INFORMATION SHOWN>

= = = = =

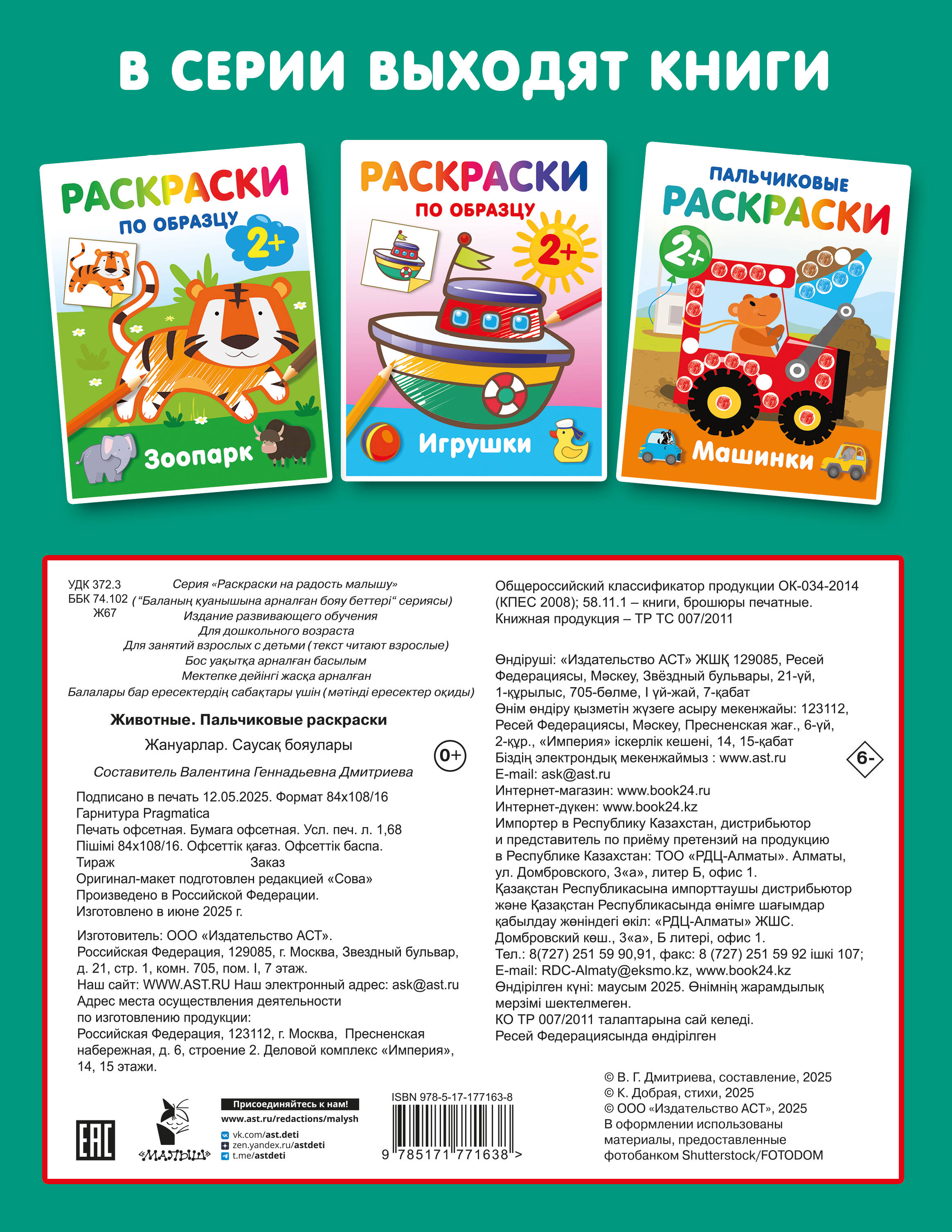«Животные. Пальчиковые раскраски» - всё для запуска речи и развития мелкой моторики: широкий цветной контур + пальчиковое рисование + весёлые, лёгкие в запоминании стихи. Новая книга серии «Раскраски на радость малышу» создана специально для раннего развития ребёнка. Через плотную бумагу не просвечивают даже самые яркие краски. Широкий цветной контур подскажет ребёнку, каким цветом можно раскрасить картинку, а пальчиковое рисование сделает процесс не только весёлым, но и полезным: малыш будет развивать тактильную чувствительность, мелкую моторику, воображение и образное мышление, исследовать на ощупь текстуру бумаги и красок - идеально для запуска речи малыша. Во время занятия ребёнок: • учится проявлять инициативу; • знакомится с окружающим миром, формирует познавательный интерес; • приобретает представление о предметах, их цвете, форме и размере; • тренирует память, концентрацию внимания; • развивает художественное восприятие. Яркие эмоции, радость от творчества и гордость за свои маленькие шедевры - с этой книгой каждый день будет наполнен открытиями! Подарите вашему ребёнку возможность учиться и развиваться через игру - выбирайте «Животные. Пальчиковые раскраски» уже сегодня!| Издательство | Издательство "АСТ" |
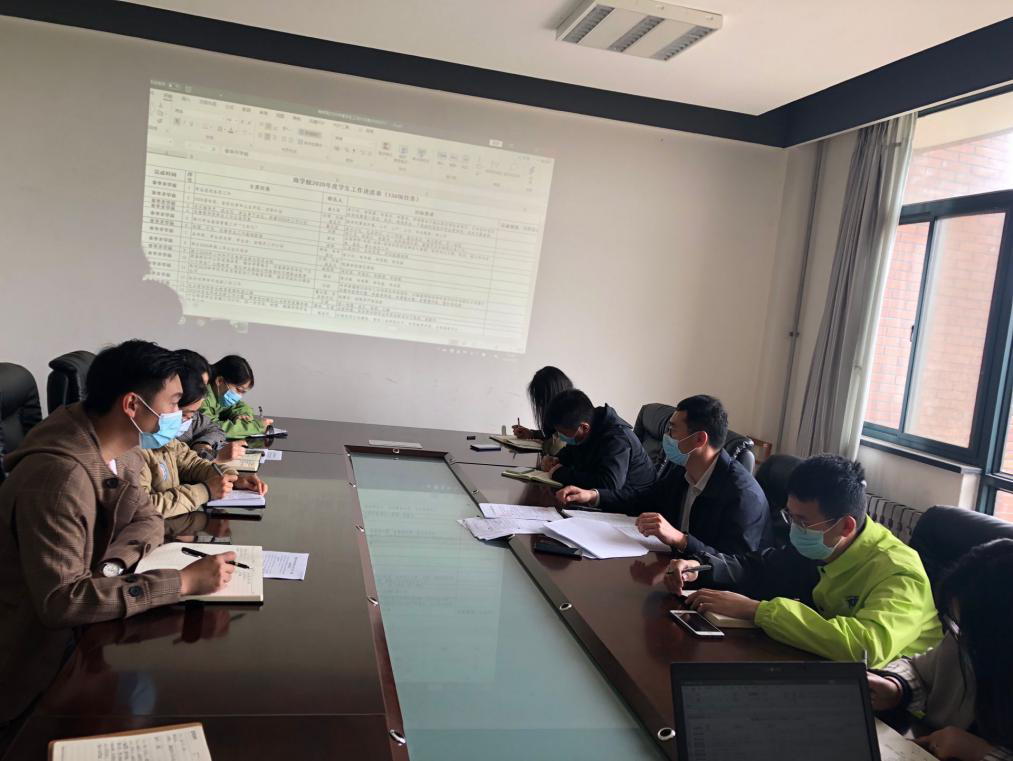 董兰国首先传达学校关于首轮学生返校工作的相关会议精神,详细解读《2020年春季学期首轮返校学生须知》《2020年春季学期学生首轮返校工作方案》及《2020年春季学期首轮学生商学院返校工作方案》等文件。随后,董兰国从毕业生首轮返校工作布置、返校学生教育管理、毕业生就业服务等方面,对接下来的学生工作进行了安排布置。要求所有学生工作干部必须提高政治站位,认真学习贯彻学校、学院疫情防控措施,落实工作责任、坚决克服麻痹思想、厌战情绪、侥幸心理、松劲心态,在思想引导、信息摸排、日常管理等方面持续抓紧抓实抓细,做好首批学生返校工作。其次要不断强化责任心和责任意识,确保按时完成各项工作任务,将学校常态化疫情防控工作落到实处。此外,还要做好提前预判,全面梳理排查风险隐患,将可能的风险消灭在萌芽之中,确保学生在返校前、中、后有序衔接、平稳顺畅。
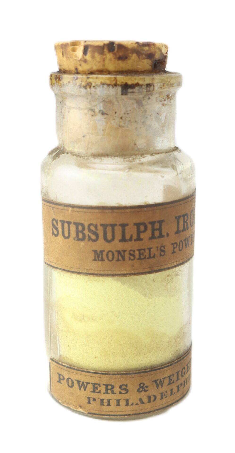 Civil War Apothecary Bottle with Contents – Subsulphate of Iron (Monsel’s Powder), Powers & Weightman, Philadelphia

= = = = =

ACTIVITY> Exclude every image and return the material above exactly.

YOUR RESPONSE>
«Животные. Пальчиковые раскраски» - всё для запуска речи и развития мелкой моторики: широкий цветной контур + пальчиковое рисование + весёлые, лёгкие в запоминании стихи. Новая книга серии «Раскраски на радость малышу» создана специально для раннего развития ребёнка. Через плотную бумагу не просвечивают даже самые яркие краски. Широкий цветной контур подскажет ребёнку, каким цветом можно раскрасить картинку, а пальчиковое рисование сделает процесс не только весёлым, но и полезным: малыш будет развивать тактильную чувствительность, мелкую моторику, воображение и образное мышление, исследовать на ощупь текстуру бумаги и красок - идеально для запуска речи малыша. Во время занятия ребёнок: • учится проявлять инициативу; • знакомится с окружающим миром, формирует познавательный интерес; • приобретает представление о предметах, их цвете, форме и размере; • тренирует память, концентрацию внимания; • развивает художественное восприятие. Яркие эмоции, радость от творчества и гордость за свои маленькие шедевры - с этой книгой каждый день будет наполнен открытиями! Подарите вашему ребёнку возможность учиться и развиваться через игру - выбирайте «Животные. Пальчиковые раскраски» уже сегодня!| Издательство | Издательство "АСТ" |
 董兰国首先传达学校关于首轮学生返校工作的相关会议精神,详细解读《2020年春季学期首轮返校学生须知》《2020年春季学期学生首轮返校工作方案》及《2020年春季学期首轮学生商学院返校工作方案》等文件。随后,董兰国从毕业生首轮返校工作布置、返校学生教育管理、毕业生就业服务等方面,对接下来的学生工作进行了安排布置。要求所有学生工作干部必须提高政治站位,认真学习贯彻学校、学院疫情防控措施,落实工作责任、坚决克服麻痹思想、厌战情绪、侥幸心理、松劲心态,在思想引导、信息摸排、日常管理等方面持续抓紧抓实抓细,做好首批学生返校工作。其次要不断强化责任心和责任意识,确保按时完成各项工作任务,将学校常态化疫情防控工作落到实处。此外,还要做好提前预判,全面梳理排查风险隐患,将可能的风险消灭在萌芽之中,确保学生在返校前、中、后有序衔接、平稳顺畅。
 Civil War Apothecary Bottle with Contents – Subsulphate of Iron (Monsel’s Powder), Powers & Weightman, Philadelphia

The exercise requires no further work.